CAMINO VERDE: RAPIDLY AND HAPHAZARDLY URBANIZED, THE POOR NEIGHBORHOOD
IS ONE OF TIJUANA’S MOST DANGEROUS.
.

Iván Cruz’s neighborhood in Tijuana, Camino Verde, is appropriately
named. In its center, a canyon road curls along a creek bed, through
the pale green of the Baja California brushland. In the late
afternoon, the valley cools as the sun sinks behind the coastal
mountains; the shadows of the scraggly trees lengthen along the steep
hillsides, where houses made of fiberboard and tin roofs are stacked
one on top of another. Like many neighborhoods on Tijuana’s
outskirts, Camino Verde was rapidly and haphazardly urbanized. The
roads are winding and poorly maintained, and the electricity and
sewage systems are improvised. Stray dogs, the real kings of the
roads, stop traffic, and feral chickens wander between houses.

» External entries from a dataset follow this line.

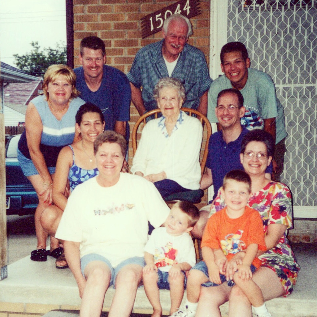 Four generations photo. Patrick and Mary Ann Falkner family (about 2000). We are surrounding my maternal grandmother, Dorothy Blumenstiel Jarrell. Grandma was having trouble walking, so we picked up her chair and transported her to the porch, with her laughing all the way. Clockwise from lower left: Mary Ann Jarrell Falkner, Stephanie Rujan Barritt, Berverly Kerekes Falkner, Mike Falkner, Patrick Falkner, Brian Rujan, Craig Falkner, Kathy Falkner Rujan, Michael Falkner, and Jake Falkner. Taken in Allen Park, Michigan, USA. #falknerjarrell #ancestors #familyhistory #genealogy #genealogyphoto #ancestry #history #knowyouroots #family #vintagephotography #genealogyresearch #vintagephoto #savinghistory #findingroots #falknergenealogy #falkner #jarrellgenealogy #jarrell #rujan #kerekes #1960s #savefamilyphotos #savefamilymemories #allenpark #michigan #familyphoto #familygroup #4generations #fourgenerations #4generation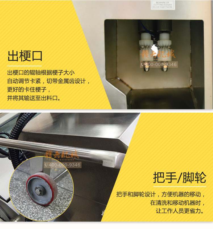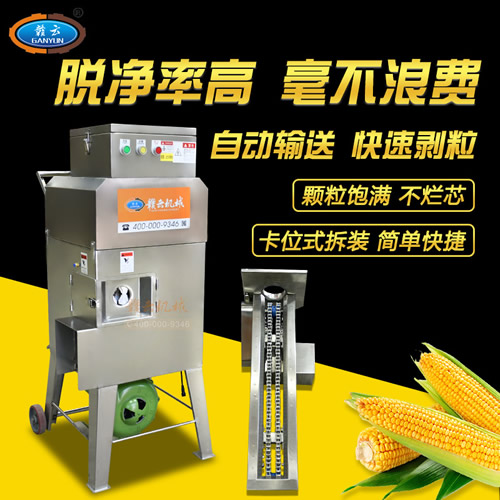 脫凈率高——可根據玉米棒大小自動調節,適合各種大小玉米的脫粒,脫粒深淺可調,甜玉米剝凈率可達100%。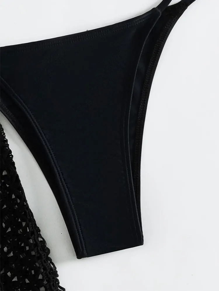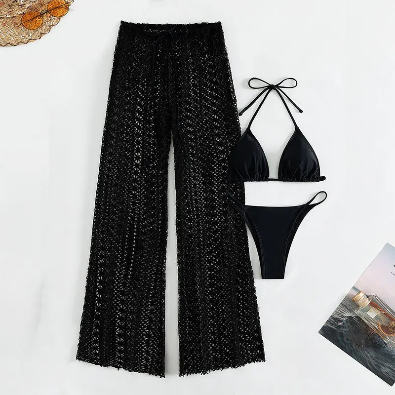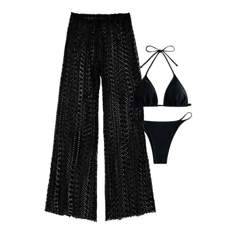 DAMOCHIC Three-piece set Swimwear Summer Halter&Lace up Backless Bikini Solid color Hollow out pants Beachwear 2023 Supplier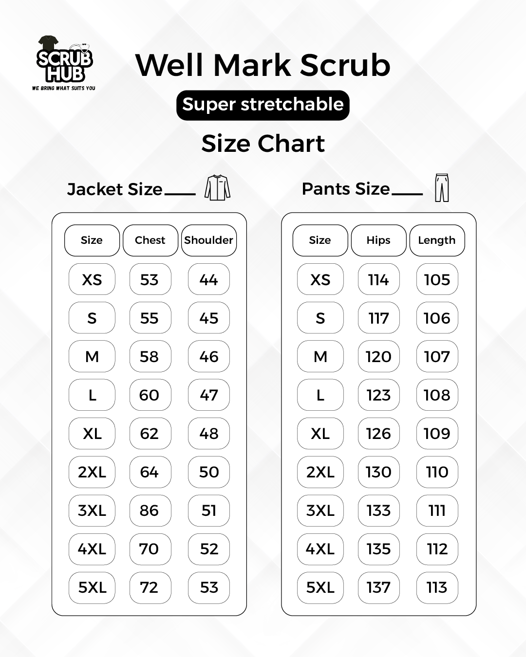 XS, S, M, L, XL, 2XL, 3XL, 4XL, 5XL

While Camino Verde has a reputation as one of Tijuana’s poorest and
most dangerous neighborhoods, its true notoriety comes from a small
number of its residents. According to locals, it’s known as the
birthplace of some of Mexico’s most famous killers. Taking advantage
of the desperate conditions and lack of opportunity in the
neighborhood, the cartels have long gone there to recruit their most
brutal _sicarios_
[[link removed]].

Remembering the dead: In Ivan Cruz’s Camino Verde home, he keeps a
small shrine for his slain brother, Alejandro, who was shot and killed
in 2017. (Jack Herrera)

Up on one of the hills of Camino Verde, along a perilously steep
walkway, Cruz lives with his parents, his sister, her son, his widowed
sister-in-law, and her young son in a tidy house. When I first visited
him, one of the neighborhood’s stray dogs barked at me playfully as
a man watched us closely from a car parked across the street.
(_Halcones_, or gang lookouts, are a fixture in the neighborhood.)

Cruz was dressed in a neat blue polo shirt and carried a small
backpack. At 30 years old, he has a round, boyish face and a
fastidiously maintained haircut. He told me how he studied
communications at a local university and graduated to work in a human
resources department at one of the city’s many factories.
(“Finances and management,” he said proudly.)

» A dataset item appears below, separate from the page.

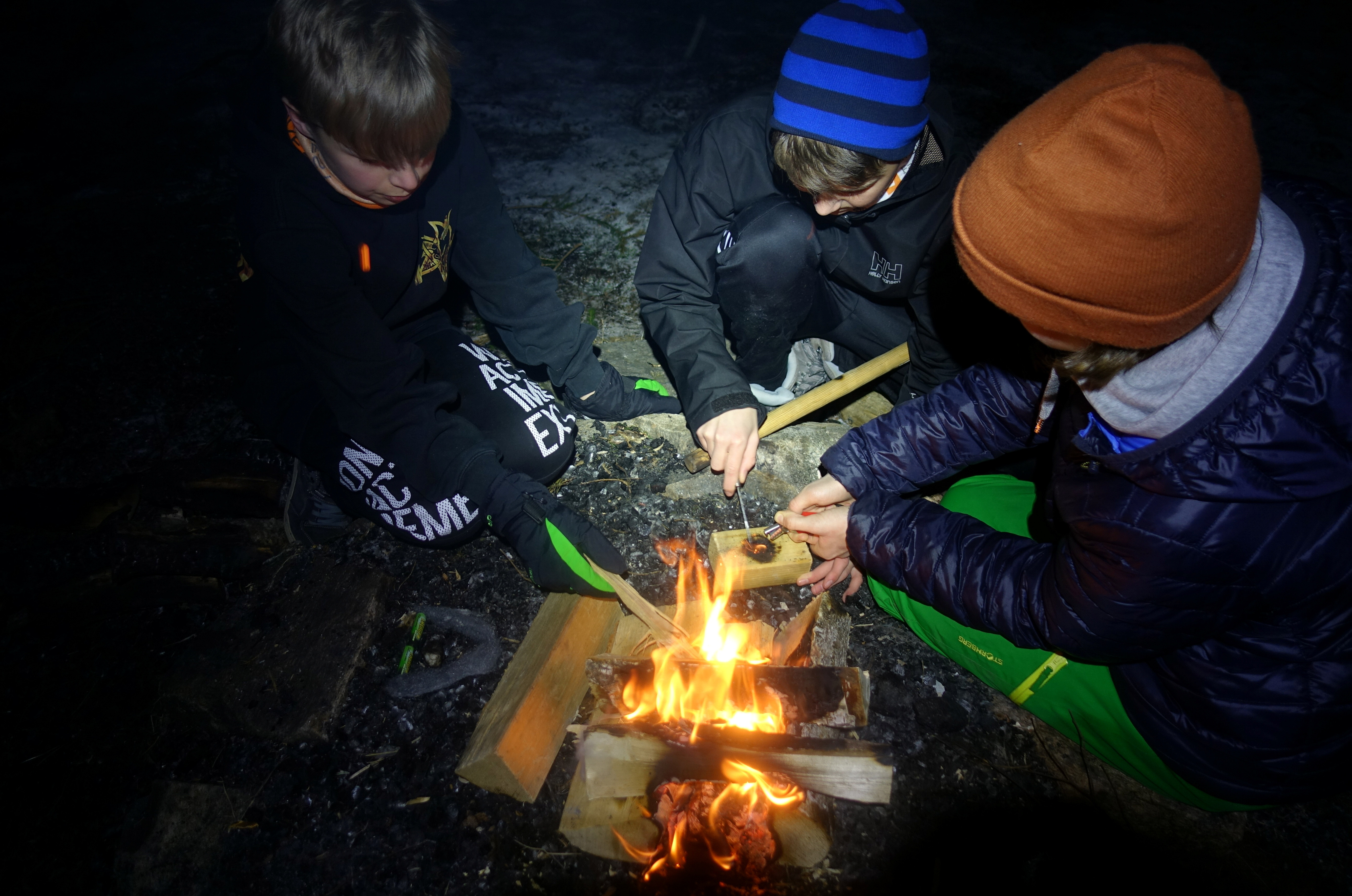 Finn et trygt sted, lag bål sammen og lær barna hvordan man fyrer opp – med tennstål, never og småkvist. Bruk tid og gjør det til en opplevelse i seg selv.

“When my family moved here in ’97, Tijuana wasn’t known for
violence. But it’s increased so much since then, to the point that
now one is afraid to go out into the street. You don’t know if
someone will stop you, assault you, take your money.” Cruz said that
his family tried to adapt to the growing insecurity. “At first, you
just think, ‘OK, I’m going to be more careful.’ You tell
yourself, ‘I’ll stay safe. I’ll teach my kids what’s good and
what’s bad.’ But then something happens to your family.”

(Jack Herrera)

When Cruz invited me into his home, I noticed a small shrine above the
crib where his nephew sleeps. On a makeshift cardboard shelf, paper
flowers lay next to a printed photo of a young man, Cruz’s brother,
Alejandro. In November 2017, Alejandro (a pseudonym) became one of the
thousands killed in the new wave of violence. Neighbors found his body
not far from Cruz’s house, at the bottom of the hill on the road
that runs along the green creek bed. He had been shot twice.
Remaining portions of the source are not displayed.